Task statement =>
Leaving out all pictures, write down exactly the lines from the one containing "Upgrade your establishment" through the last line of the material.

*** Available data Section Begins ***

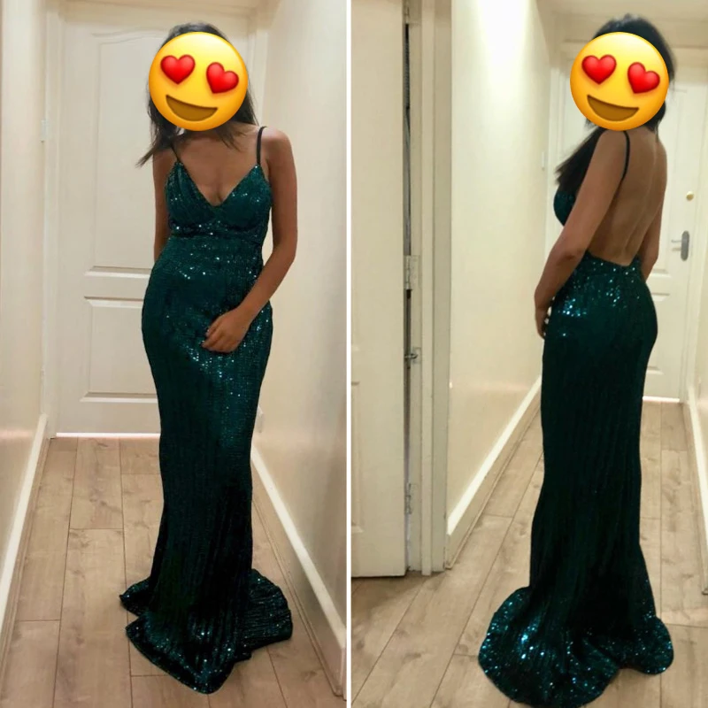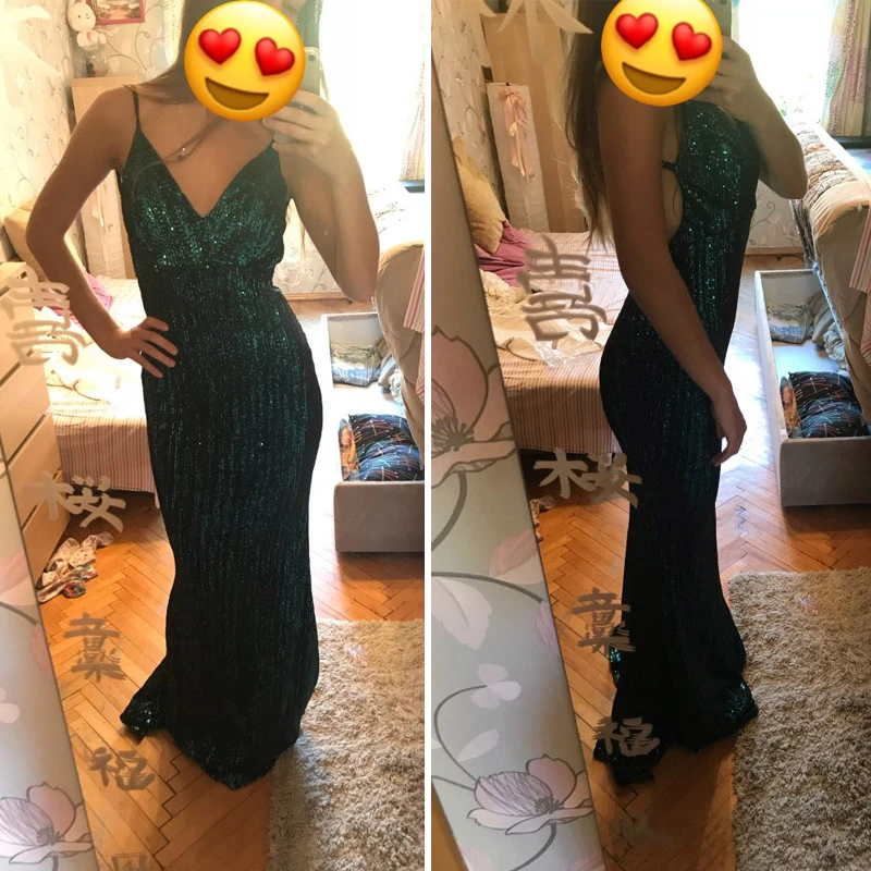 victoria’svogue 2021 Shiny Green Sequined V Neck Maxi Dress Backless Maxi Dress Stretchy Backless Floor Length Padded Evening Party Dress
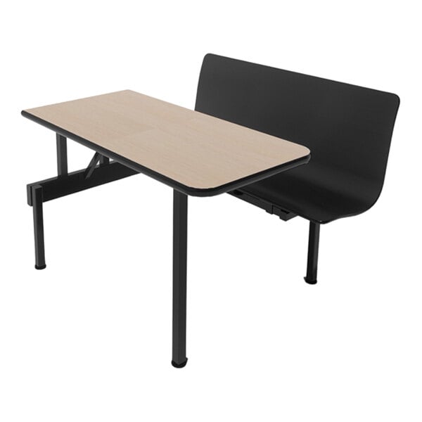 Upgrade your establishment with this Plymold Contour 24" x 47" ADA beigewood laminate table top with 1 black bench. The open side of the unit makes it ADA complaint in order to accommodate your guests and provide easy access to the table. This unit is ideal for restaurants, cafeterias, and breakrooms. It boasts an attractive beigewood table top and an onyx black powder-coated steel frame. Featuring a 24" x 47" high pressure commercial laminate table top with vinyl T-mold edges, this unit is sure to withstand the demands of your establishment. The 3" radius corners have a rounded design that helps ease the sharpness of the edges.
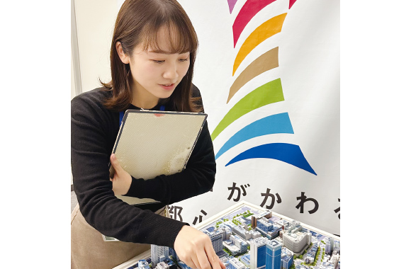学んだ知識を生かして出身地である神戸に関わる仕事がしたいと思い、建築技術職員として市役所に入庁しました。現在は神戸の都心部である三宮周辺地区の再整備を行う部署に所属し、駅前広場とその活用に関する業務を担当しています。民間事業者や市民の方々と共に神戸の玄関口にふさわしい駅前のあり方を考え、実現に向けたルール作りなどソフト面の事業に取り組んでいます。神戸市は28年前に震災を経験し、これまで復興復旧に全力を注いできたため、都心部の再整備に手を付けられない時間が続いていました。近年になり大きな再整備に向けて動き出し、大規模なプロジェクトに携われることにやりがいを感じています。さらに多様な分野の実務を重ね、知識、経験に富んだ建築技術職員をめざします。

*** Available data Section Ends ***

Answer area =>
 Upgrade your establishment with this Plymold Contour 24" x 47" ADA beigewood laminate table top with 1 black bench. The open side of the unit makes it ADA complaint in order to accommodate your guests and provide easy access to the table. This unit is ideal for restaurants, cafeterias, and breakrooms. It boasts an attractive beigewood table top and an onyx black powder-coated steel frame. Featuring a 24" x 47" high pressure commercial laminate table top with vinyl T-mold edges, this unit is sure to withstand the demands of your establishment. The 3" radius corners have a rounded design that helps ease the sharpness of the edges.
学んだ知識を生かして出身地である神戸に関わる仕事がしたいと思い、建築技術職員として市役所に入庁しました。現在は神戸の都心部である三宮周辺地区の再整備を行う部署に所属し、駅前広場とその活用に関する業務を担当しています。民間事業者や市民の方々と共に神戸の玄関口にふさわしい駅前のあり方を考え、実現に向けたルール作りなどソフト面の事業に取り組んでいます。神戸市は28年前に震災を経験し、これまで復興復旧に全力を注いできたため、都心部の再整備に手を付けられない時間が続いていました。近年になり大きな再整備に向けて動き出し、大規模なプロジェクトに携われることにやりがいを感じています。さらに多様な分野の実務を重ね、知識、経験に富んだ建築技術職員をめざします。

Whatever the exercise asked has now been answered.